→ **What to do**:
Copy nothing but the lines below, from the one with "At this point, you" through the one with "酷派双棒T1的PCB主板生面", exactly as written; no pictures should appear.
========================
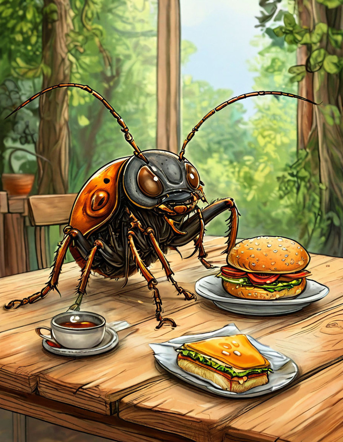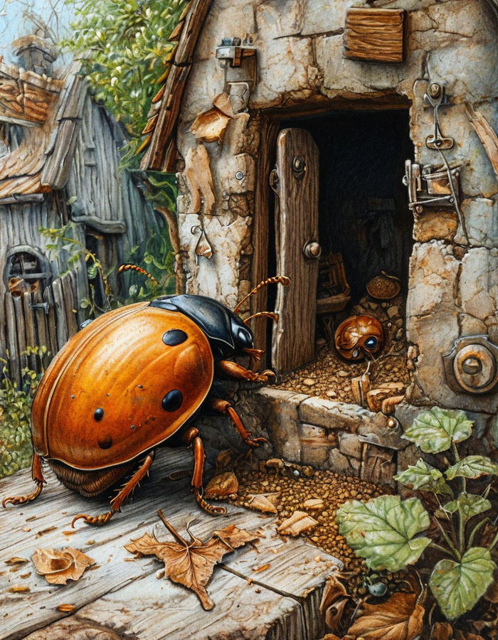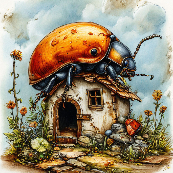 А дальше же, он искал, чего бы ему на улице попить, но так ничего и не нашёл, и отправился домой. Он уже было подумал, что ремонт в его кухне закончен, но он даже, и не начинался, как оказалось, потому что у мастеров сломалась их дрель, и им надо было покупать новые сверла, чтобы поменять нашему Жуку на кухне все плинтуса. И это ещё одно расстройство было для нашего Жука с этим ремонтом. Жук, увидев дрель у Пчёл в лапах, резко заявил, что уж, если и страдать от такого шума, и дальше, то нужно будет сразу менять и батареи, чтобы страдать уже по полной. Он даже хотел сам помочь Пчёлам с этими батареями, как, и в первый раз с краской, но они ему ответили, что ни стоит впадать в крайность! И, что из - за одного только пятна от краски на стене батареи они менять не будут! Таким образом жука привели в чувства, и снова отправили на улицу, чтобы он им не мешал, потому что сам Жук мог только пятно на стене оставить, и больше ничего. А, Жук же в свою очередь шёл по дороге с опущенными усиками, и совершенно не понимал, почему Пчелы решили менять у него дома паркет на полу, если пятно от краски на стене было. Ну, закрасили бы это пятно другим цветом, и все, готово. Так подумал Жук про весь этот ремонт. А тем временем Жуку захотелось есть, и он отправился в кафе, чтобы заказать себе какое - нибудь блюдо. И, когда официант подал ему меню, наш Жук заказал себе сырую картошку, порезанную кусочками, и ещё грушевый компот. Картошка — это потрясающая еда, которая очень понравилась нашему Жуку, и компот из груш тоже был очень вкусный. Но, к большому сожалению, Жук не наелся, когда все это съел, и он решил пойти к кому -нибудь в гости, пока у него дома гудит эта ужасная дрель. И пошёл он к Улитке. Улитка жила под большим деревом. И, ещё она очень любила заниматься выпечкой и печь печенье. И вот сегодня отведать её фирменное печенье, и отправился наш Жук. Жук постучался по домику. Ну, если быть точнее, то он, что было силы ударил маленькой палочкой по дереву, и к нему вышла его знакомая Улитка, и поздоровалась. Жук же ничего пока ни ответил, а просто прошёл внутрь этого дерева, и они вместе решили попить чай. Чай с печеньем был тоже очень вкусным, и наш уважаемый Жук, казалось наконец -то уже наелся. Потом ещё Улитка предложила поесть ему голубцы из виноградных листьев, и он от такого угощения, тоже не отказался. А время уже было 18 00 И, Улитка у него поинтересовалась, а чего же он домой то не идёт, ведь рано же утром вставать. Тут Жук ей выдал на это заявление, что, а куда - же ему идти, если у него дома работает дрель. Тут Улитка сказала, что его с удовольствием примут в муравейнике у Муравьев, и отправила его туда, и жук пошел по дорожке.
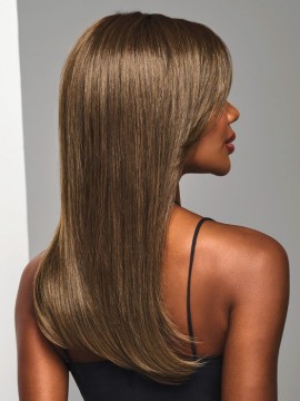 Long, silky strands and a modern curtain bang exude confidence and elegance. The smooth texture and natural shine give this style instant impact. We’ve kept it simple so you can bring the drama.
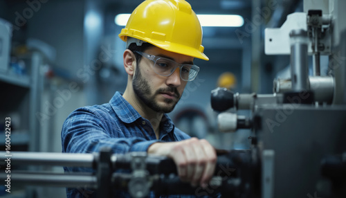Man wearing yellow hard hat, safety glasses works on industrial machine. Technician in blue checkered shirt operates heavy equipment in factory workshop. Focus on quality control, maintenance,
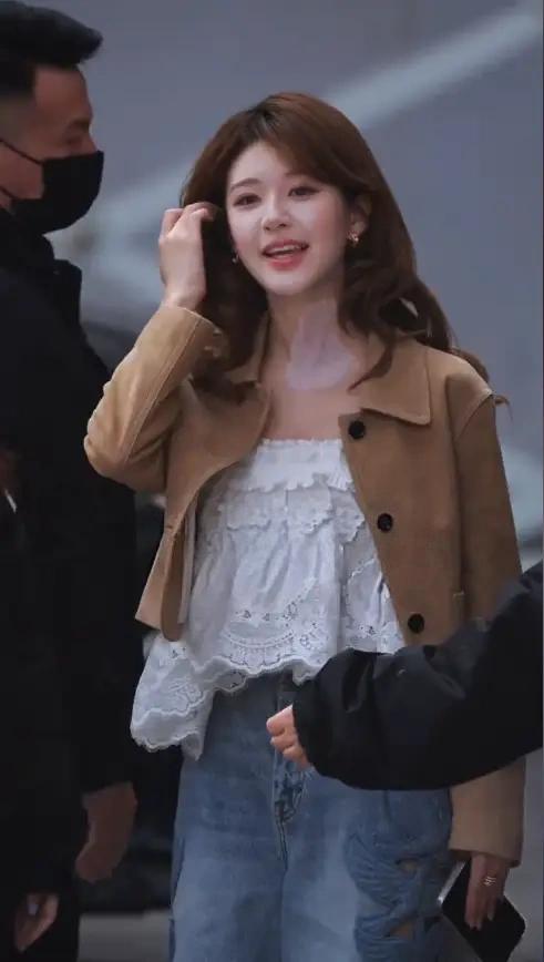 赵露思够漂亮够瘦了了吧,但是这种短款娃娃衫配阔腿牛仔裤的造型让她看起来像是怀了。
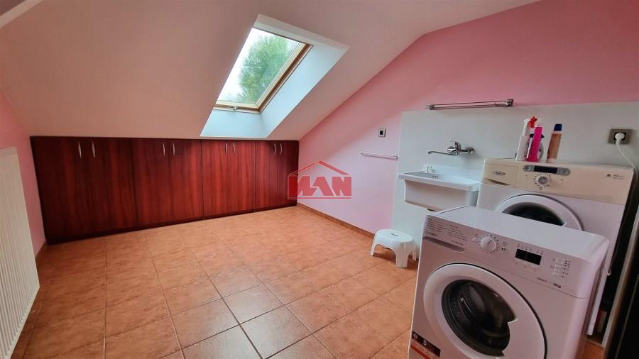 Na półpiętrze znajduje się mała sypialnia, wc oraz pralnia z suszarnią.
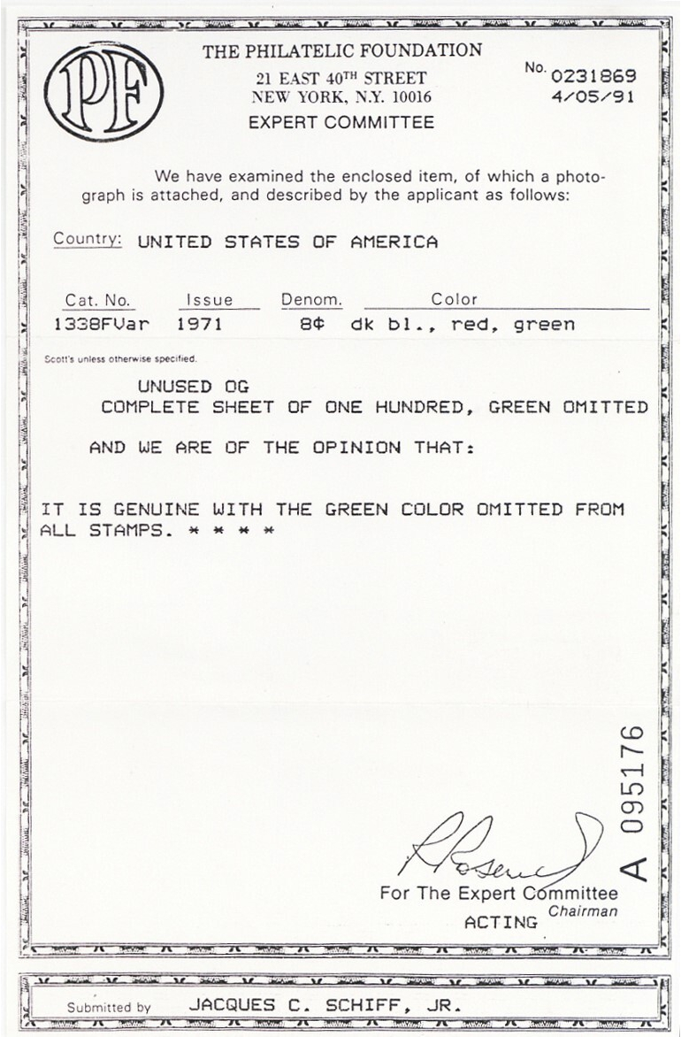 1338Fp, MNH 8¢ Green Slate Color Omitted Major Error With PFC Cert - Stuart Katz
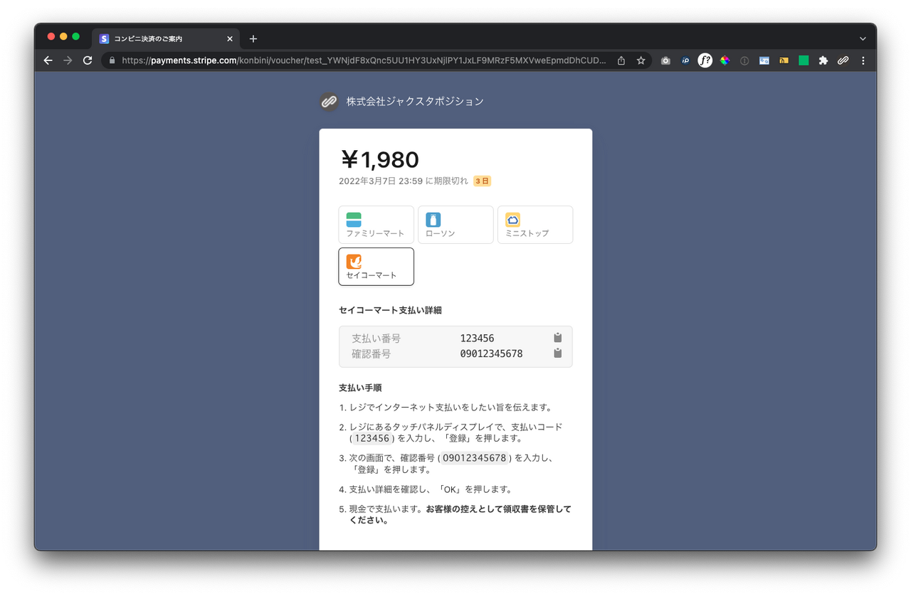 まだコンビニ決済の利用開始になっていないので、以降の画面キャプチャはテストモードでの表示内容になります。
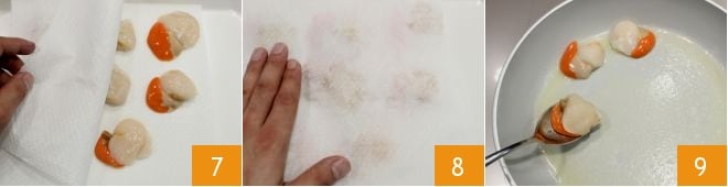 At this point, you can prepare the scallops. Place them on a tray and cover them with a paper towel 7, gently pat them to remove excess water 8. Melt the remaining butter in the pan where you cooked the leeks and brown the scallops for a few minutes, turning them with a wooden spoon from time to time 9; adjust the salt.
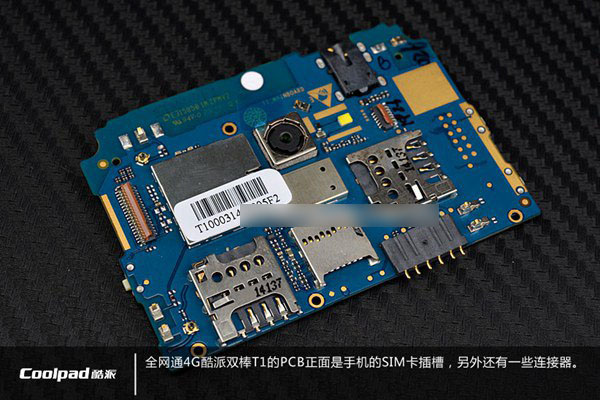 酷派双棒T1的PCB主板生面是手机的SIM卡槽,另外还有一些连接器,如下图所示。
========================
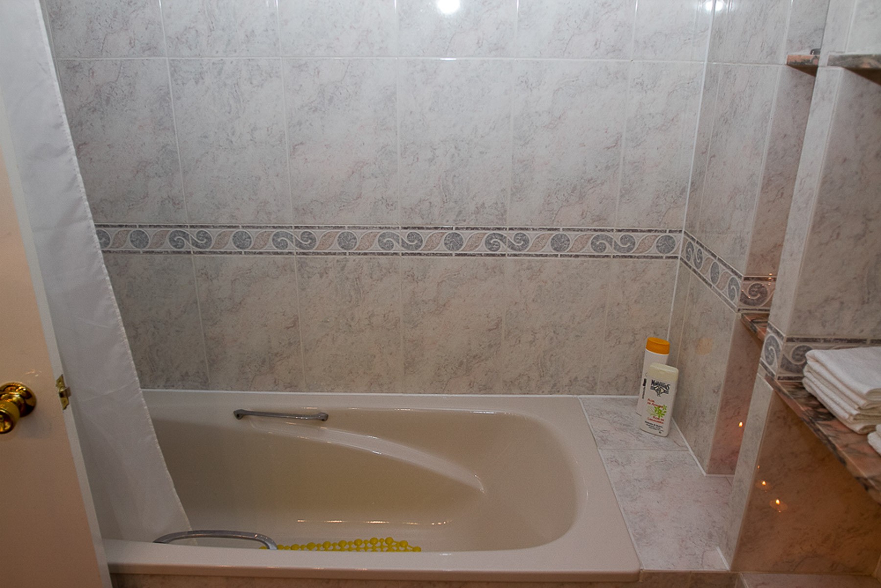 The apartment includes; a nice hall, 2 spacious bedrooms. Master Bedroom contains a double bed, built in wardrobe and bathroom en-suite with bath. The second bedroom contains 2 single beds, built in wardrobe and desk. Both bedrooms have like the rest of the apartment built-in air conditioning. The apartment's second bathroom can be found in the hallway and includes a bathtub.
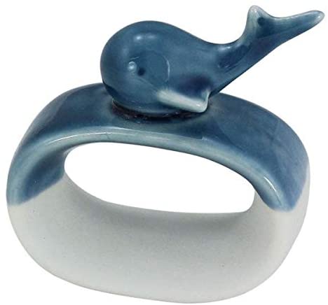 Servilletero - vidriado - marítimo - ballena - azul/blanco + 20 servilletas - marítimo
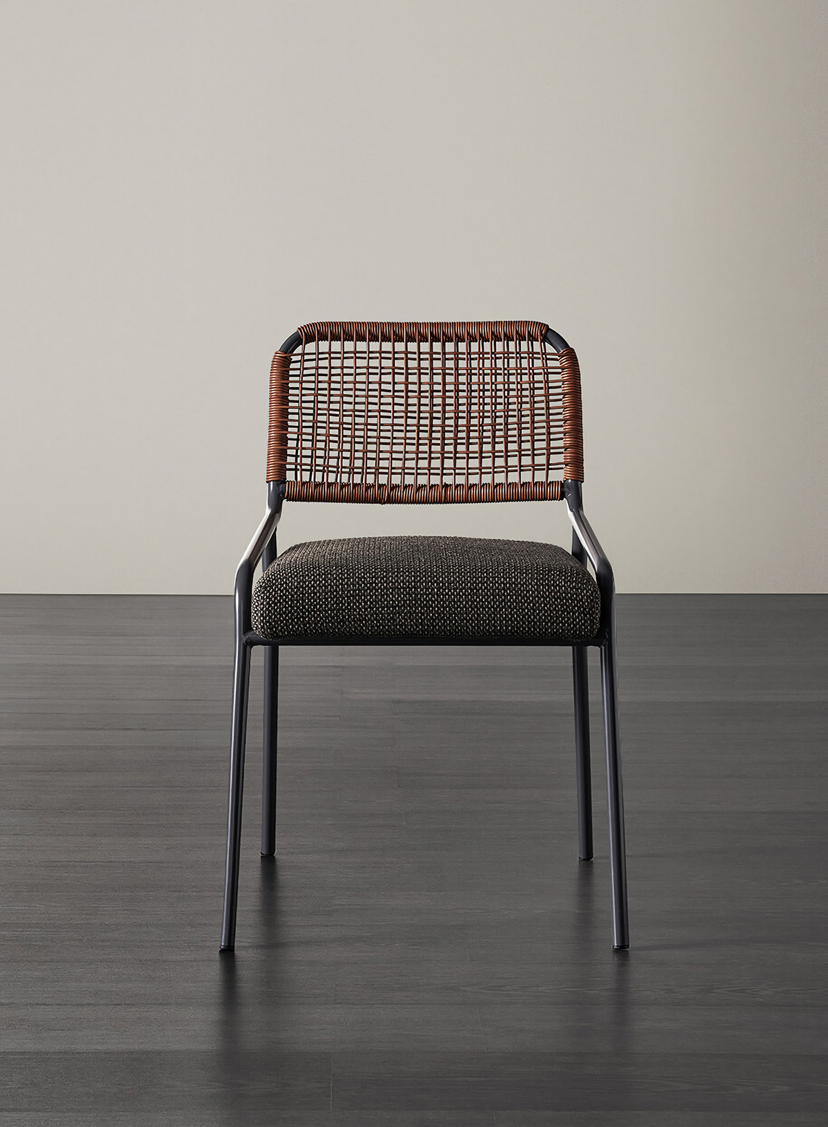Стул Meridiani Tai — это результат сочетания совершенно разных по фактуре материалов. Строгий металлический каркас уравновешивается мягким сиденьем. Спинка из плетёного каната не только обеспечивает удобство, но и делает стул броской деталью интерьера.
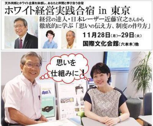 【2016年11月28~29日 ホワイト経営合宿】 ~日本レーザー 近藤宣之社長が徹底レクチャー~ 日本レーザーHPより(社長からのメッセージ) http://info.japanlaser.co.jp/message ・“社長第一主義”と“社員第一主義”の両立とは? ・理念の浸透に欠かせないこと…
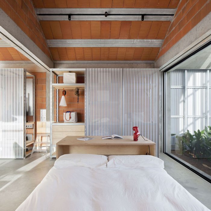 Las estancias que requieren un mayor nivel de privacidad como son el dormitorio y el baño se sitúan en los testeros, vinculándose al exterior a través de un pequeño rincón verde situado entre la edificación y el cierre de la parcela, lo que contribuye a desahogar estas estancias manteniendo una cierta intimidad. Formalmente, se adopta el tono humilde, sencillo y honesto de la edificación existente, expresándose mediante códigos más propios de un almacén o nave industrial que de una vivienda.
========================
→ **Task result**:
 At this point, you can prepare the scallops. Place them on a tray and cover them with a paper towel 7, gently pat them to remove excess water 8. Melt the remaining butter in the pan where you cooked the leeks and brown the scallops for a few minutes, turning them with a wooden spoon from time to time 9; adjust the salt.
 酷派双棒T1的PCB主板生面是手机的SIM卡槽,另外还有一些连接器,如下图所示。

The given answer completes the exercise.